Supplied records |
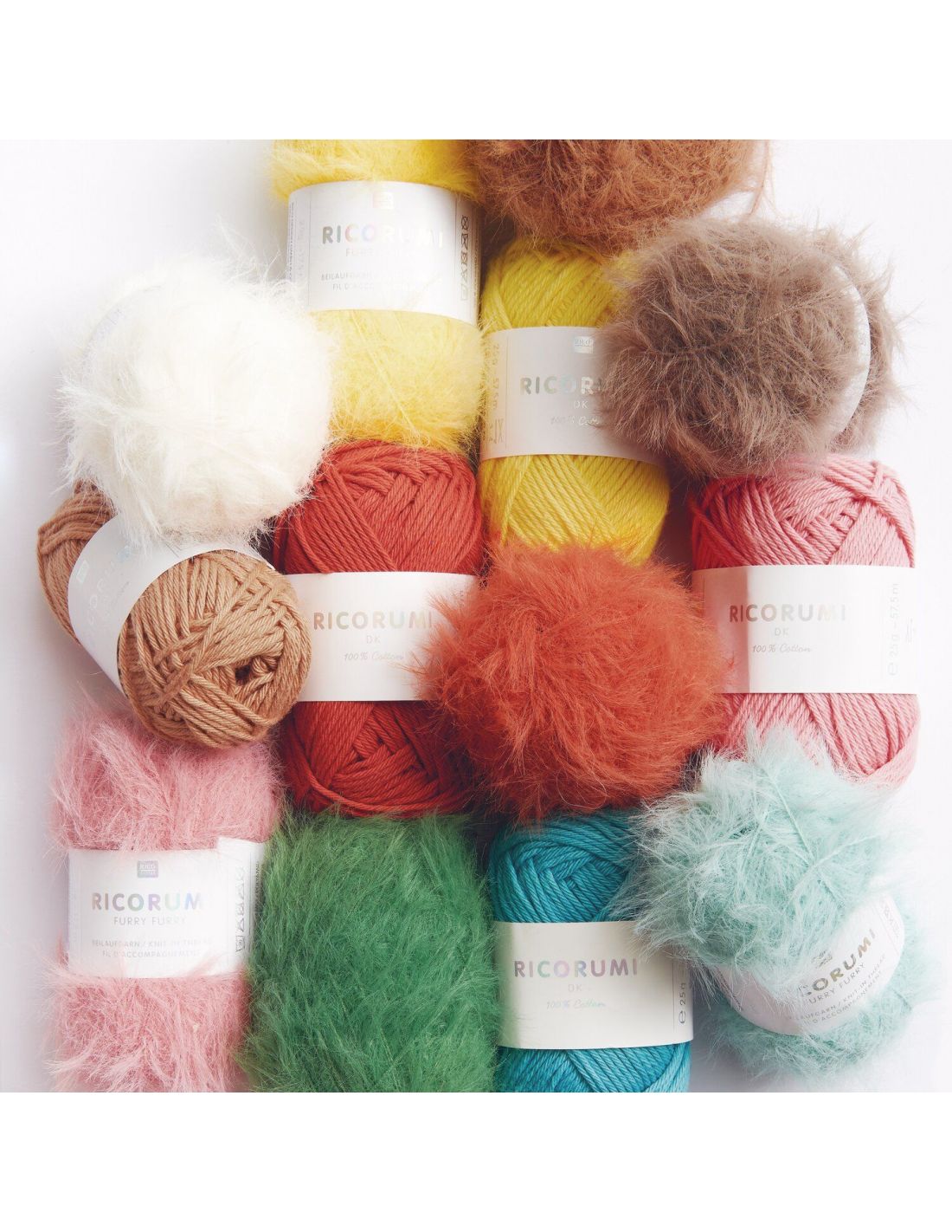 Le nouveau cahier Ricorumi "Furry Animals" nous entraîne dans un monde animal enchanteur et présente la nouveauté Ricorumi Furry Furry en combinaison avec le fil de coton éprouvé Ricorumi dk. Grâce aux couleurs parfaitement assorties, le fil d'accompagnement moelleux se travaille sans peine avec le fil uni. Pour les modèles présentés, le fil d'accompagnement en fourrure est, selon le design, soit crocheté avec le fil, soit volontairement omis. On obtient ainsi différentes textures qui confèrent aux amigurumis un look unique et irrésistiblement mignon.
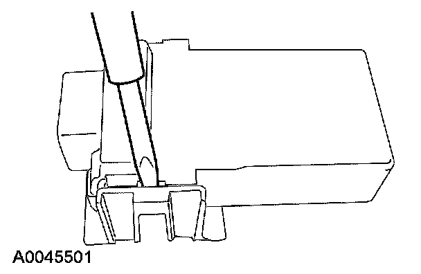 5. Insert a flat-bladed screwdriver into the heated seat module bracket and release the locking tab. Remove the heated seat module.
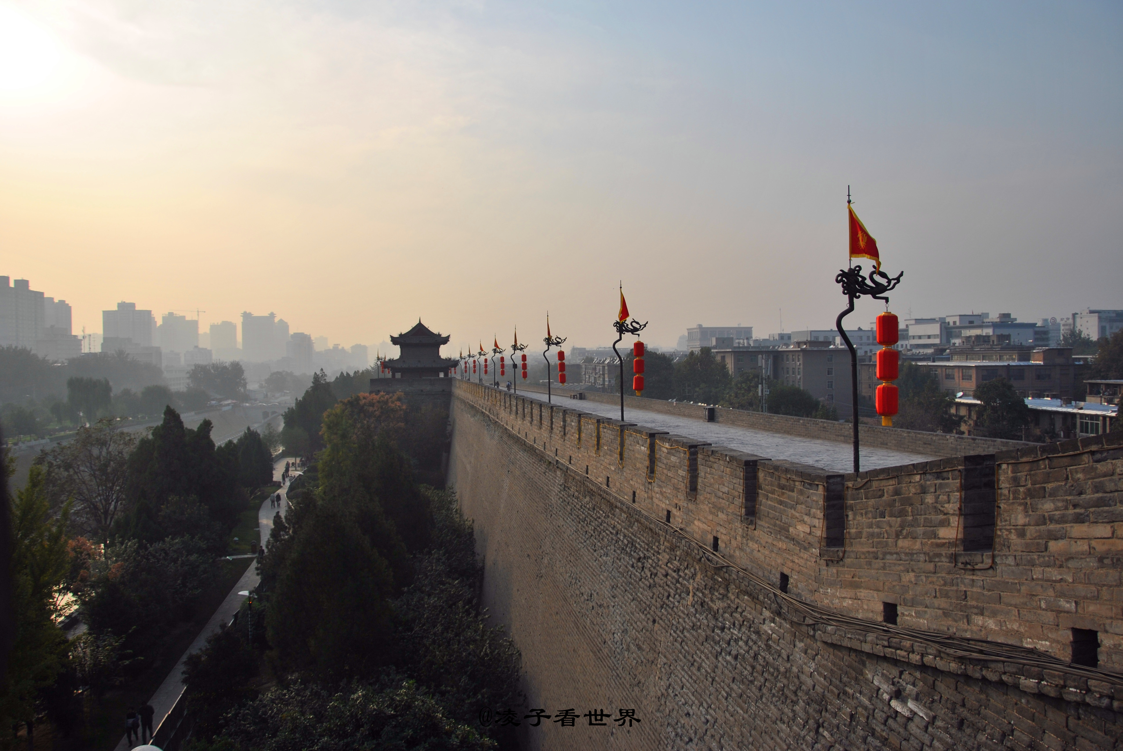 站在城墙上,看着城下那热闹的街道,行色匆匆的路人。一座座高楼大厦密密麻麻的矗立在城墙内外。西安如今已是一个以旅游为主的一个城市,所以什么时候西安城里都是车水马龙,人头攒动。那个硝烟弥漫,金戈铁马的年代已离我们太久远。只有这座城墙见证了它的更迭与战争。
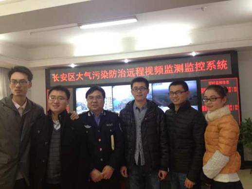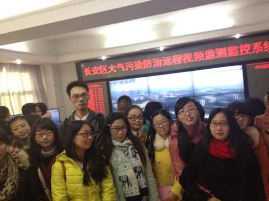 其次,侯兵队长向我们介绍了环保视频监控平台和移动通信平台。两个平台均采用当前国内先进的视频监控技术,通过手机终端与3G通信技术,实现对重点污染源的废水、废气、废渣等污染状况的实时监控,可将重点污染源管理、排污数据在线监测、排污超标报警、污染治理设施运行状态系统有机地结合在一起。其中覆盖全区的视频监控系统通过可360度旋转的高清摄像头对长安区的环境状况进行24小时实时监控,使辖区的环境保护得到了有力保障。杨副局长和侯大队长还特地带我们参观了三楼的视频监控室。该监控视频实时显示了长安区十七个街道的噪声值和pm值。监控室的工作人员还热情地向我们讲解了视频监控室的运行机制,学员们积极提问,受益匪浅。
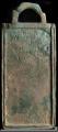 Inscripci贸n Saturni/ni  Descripci贸n Pesa de telar en barro cocido, con forma de tronco piramidal. Texto escrito antes de la cocci贸n
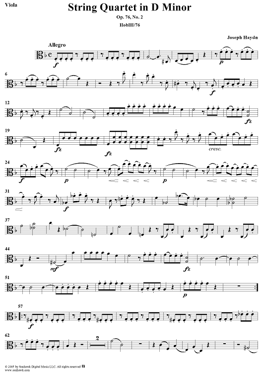 "String Quartet in D Minor, Op. 76, No. 2 - Viola" Sheet Music by Franz Joseph Haydn
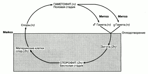 Как у всех наземных растений и некоторых наи­более высоко организованных водорослей, та­ких как ламинария, у мохообразных наблюдает­ся чередование поколений. В ходе жизненного цикла происходит смена двух типов организмов: поколение гаплоидного гаметофита и поколе­ние диплоидного спорофита поочередно сменя­ют друг друга, что схематически показано на рис. 2.34. Гаплидное поколение называется гаметофитом (от греч. gamete – жена, gametes – муж; phylon – растение), так как оно способно к половому размножению и образует гаметы. По­скольку образование гамет происходит в резуль­тате митоза, они тоже гаплоидны. Сливаясь, га­меты образуют диплоидную зиготу, из которой вырастает следующее поколение – поколение диплоидных спорофитов. Они называются спо­рофитами, потому что способны к бесполому размножению с образованием спор. Споры об­разуются в результате мейоза, т.е. здесь проис­ходит возврат к гаплоидному состоянию. Гаплоидные споры дают начало гаметофитному поко­лению. Одно из этих двух поколений всегда пре­обладает над другим, и на его долю приходится большая часть жизненного цикла; это поколе­ние называют доминантным. У моховидных до­минирует поколение гаметофитов, у всех ос­тальных наземных растений – поколение спо­рофитов. Доминирующее поколение принято помещать в верхнюю половину схемы, изобра­жающей жизненный цикл.
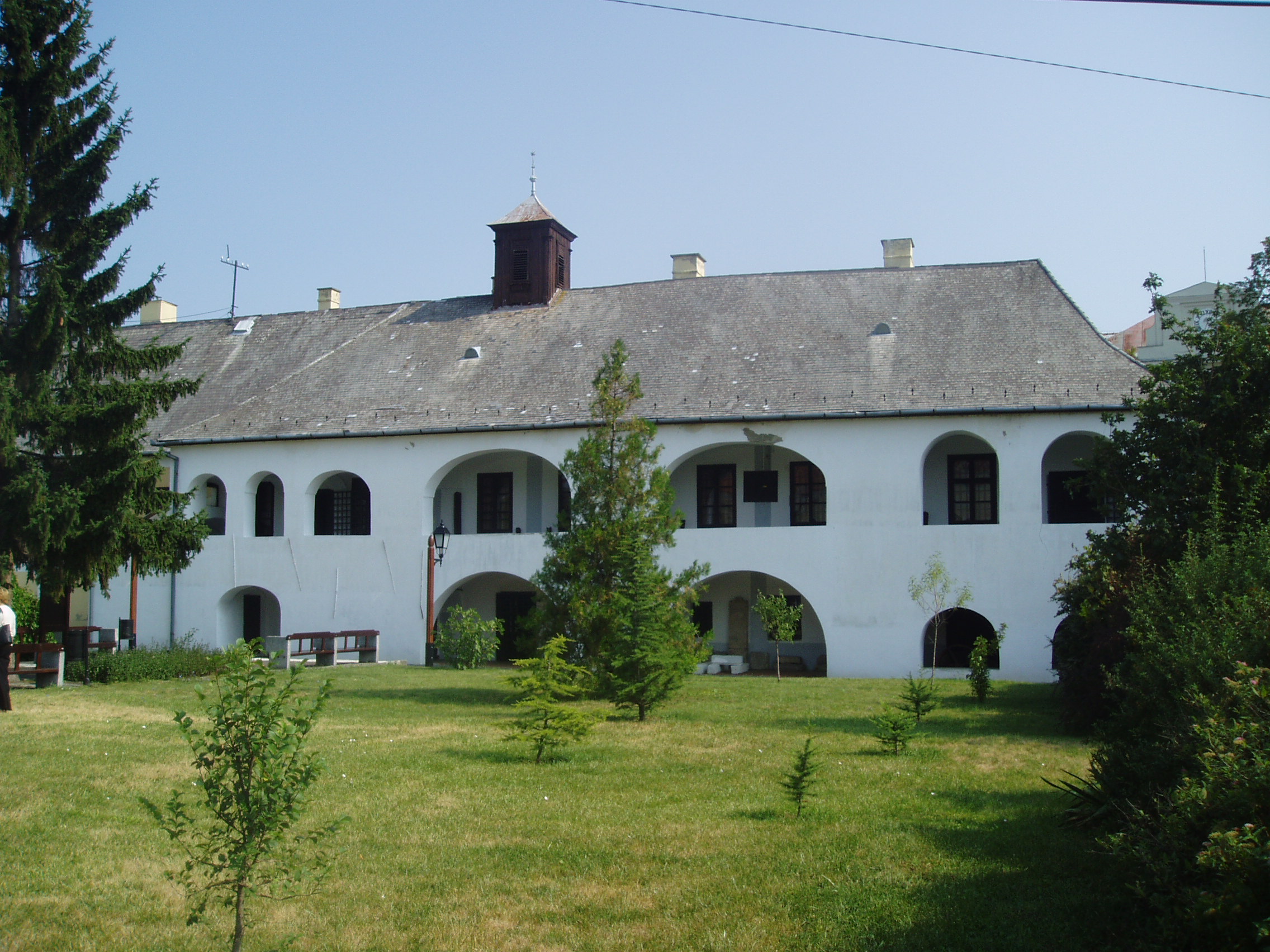 Nyilvános 1031 | 1561 | Sárospatak, Rákóczi utca 1. Református Kollégium | A Kollégium főépületének szárnyai által határolt tágas udvarban áll a régi iskolaépületek utolsó maradványa, az ún. Berna-sor. 1771/72-ben a fizika oktatása számára és a fizikaprofesszor lakásául épült. Az egyemeletes, hosszú szárny déli oldalát később kétszintes, árkádos tornáccal bővítették, feljáróval a nyugati oldalon. Az épület a korabeli provinciális magyar építészet szép példája. Az emelet boltozott termeiben a kollégium történetét bemutató kiállítás látható. A fénykép 2007 augusztusában készült. Felh. irod.: Détsy Mihály: Sárospatak. Bp. Corvina, 1974 |
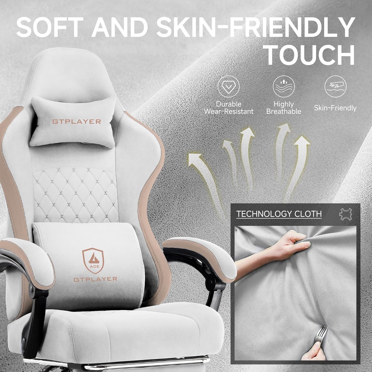 GTPLAYER Office Chair, Gaming Computer Desk Fabric Chair with Footrest, High Back Ergonomic Office Chair with Pocket Spring Lumbar Support and Linkage Armrests Adjustable Height Swivel for Home Task
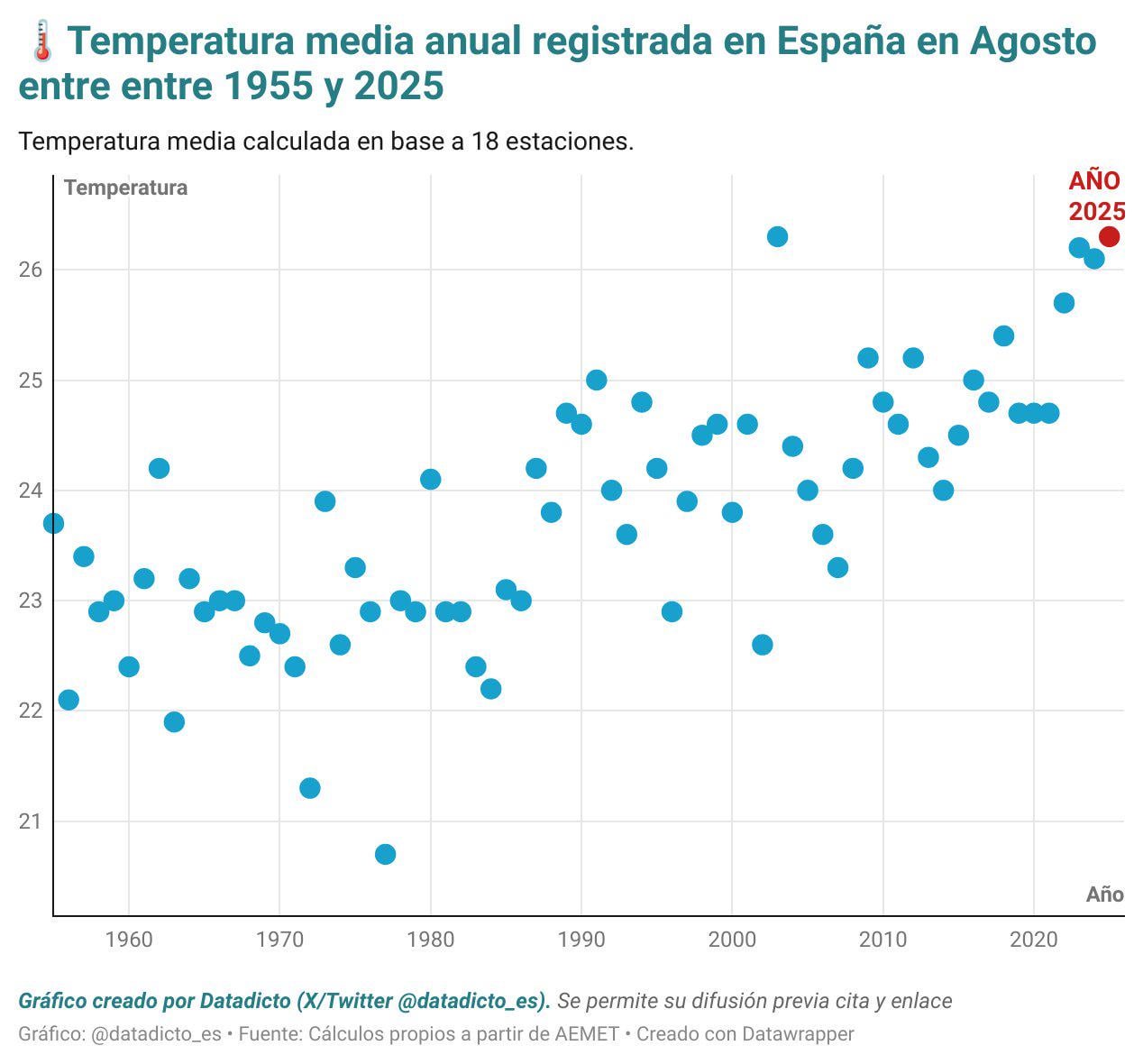 Tra gennaio e agosto, la Spagna ha ricordato una temperatura media di 17,9º, la più calda finora da quando sono stati mantenuti i record. Tra gennaio e agosto, la Spagna ha registrato una temperatura media di 17,9º, essendo al momento la più calda poiché ci sono record. 2025 – 17,9º. 2024 – 17,7º 2023 – 17,7º
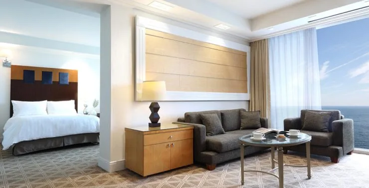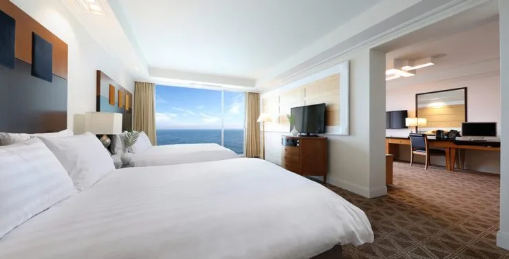 라마다프라자 제주는 매우 다양한 객실 타입을 보유하고 있습니다. 스탠다드, 스위트, 온돌 크게 3가지 타입을 제공한다. 키즈, 패밀리, 온돌 등 가족 여행객이 사용하기 좋은 객실이 많다. 호화 유람선을 모티브로 한 인테리어도 인상적이다. 객실에서는 바다, 혹은 한라산 전망도 감상할 수 있다.
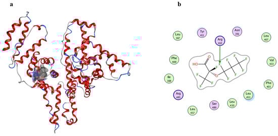 Molecular docking was performed with Molecular Operating Environment (MOE) 2014 Edition(Chemical Computing Group Inc., Montreal, QC, Canada) to investigate the binding modes of GenX complexes with HSA [27,28]. The HSA crystal structure (PDB: 1AO6) was acquired from the RCSB Protein Data Bank, and ligand structures were sourced from ChemicalBook. The protein was prepared by removing water molecules and adding hydrogen atoms. Potential binding sites were identified by the Site Finder tool, and interactions with amino acids were analyzed using MOE-Dock simulations.
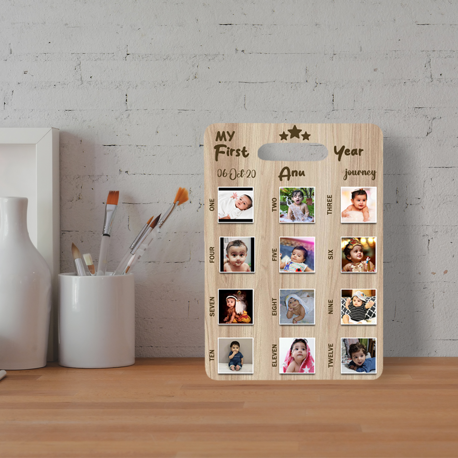 Capture the essence of parenthood with our Personalized 12 Baby Photo Wooden Board & you have to upload high quality image Photos in JPEG, JPG or PNG Format, a heartfelt tribute to the journey of raising a child. Crafted from exquisite wood, this custom board is more than just a kitchen accessory; it’s a treasured keepsake.
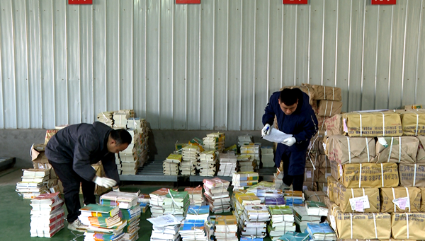 近日,记者来到市新华书店储运中心,看到新华书店员工正在忙着搬运、分类、清点、打包、分发新课本。
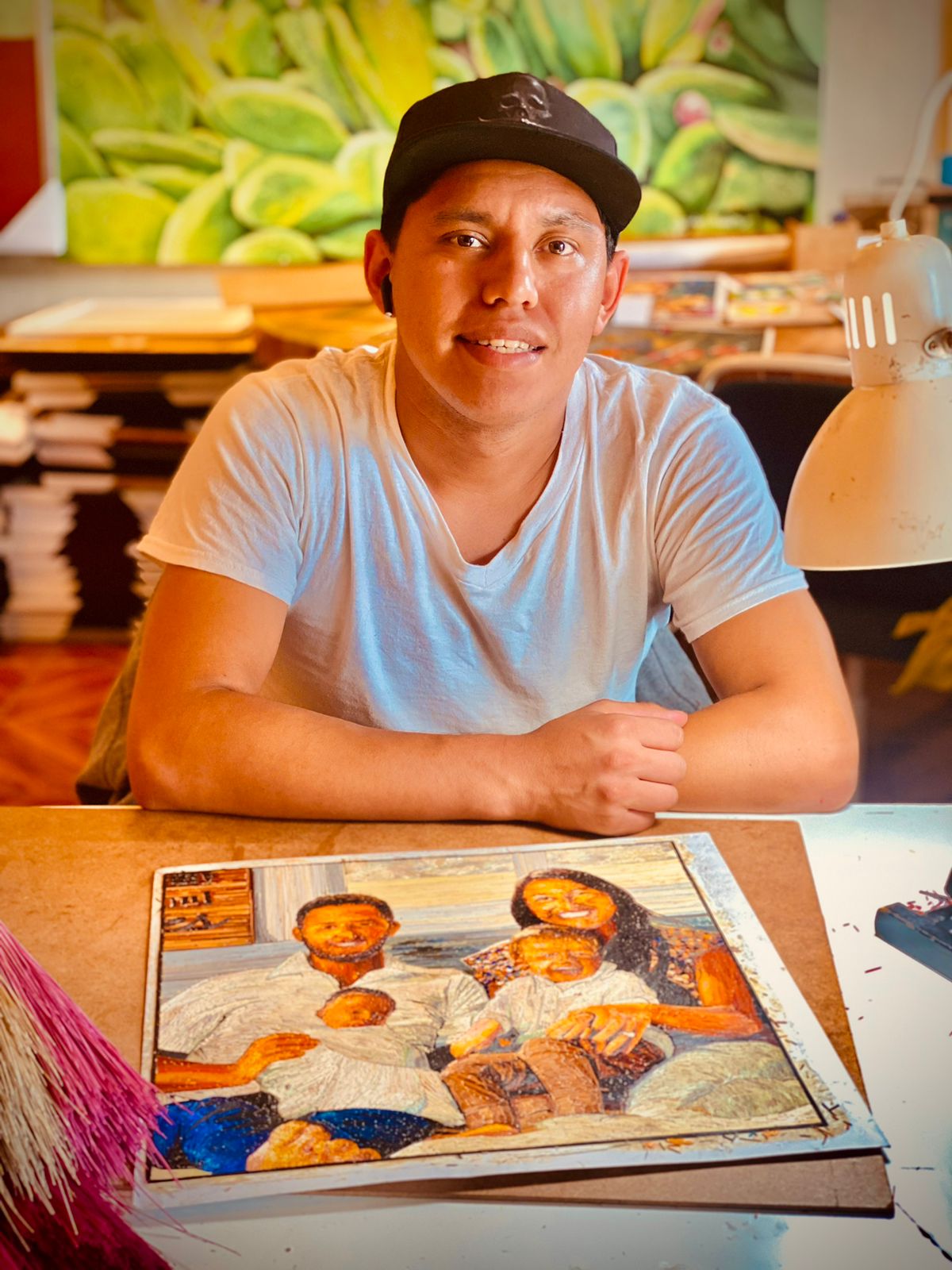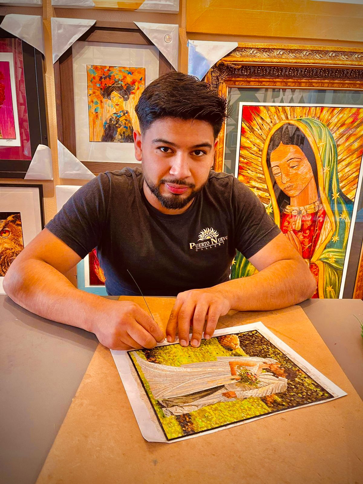 Originario de Acapulco, Guerrero, inició su carrera artística en 2016 en la Galería de Puerto Nuevo. Especializado en la técnica de popotillo, se destaca como un experimentado exponente en la realización de proyectos especiales.

Assignment |
When you reach the line containing "Molecular docking was" in the records above, write out that line and every line after it through the end, exactly, but omit the pictures.

Task answer |
 Molecular docking was performed with Molecular Operating Environment (MOE) 2014 Edition(Chemical Computing Group Inc., Montreal, QC, Canada) to investigate the binding modes of GenX complexes with HSA [27,28]. The HSA crystal structure (PDB: 1AO6) was acquired from the RCSB Protein Data Bank, and ligand structures were sourced from ChemicalBook. The protein was prepared by removing water molecules and adding hydrogen atoms. Potential binding sites were identified by the Site Finder tool, and interactions with amino acids were analyzed using MOE-Dock simulations.
 Capture the essence of parenthood with our Personalized 12 Baby Photo Wooden Board & you have to upload high quality image Photos in JPEG, JPG or PNG Format, a heartfelt tribute to the journey of raising a child. Crafted from exquisite wood, this custom board is more than just a kitchen accessory; it’s a treasured keepsake.
 近日,记者来到市新华书店储运中心,看到新华书店员工正在忙着搬运、分类、清点、打包、分发新课本。
 Originario de Acapulco, Guerrero, inició su carrera artística en 2016 en la Galería de Puerto Nuevo. Especializado en la técnica de popotillo, se destaca como un experimentado exponente en la realización de proyectos especiales.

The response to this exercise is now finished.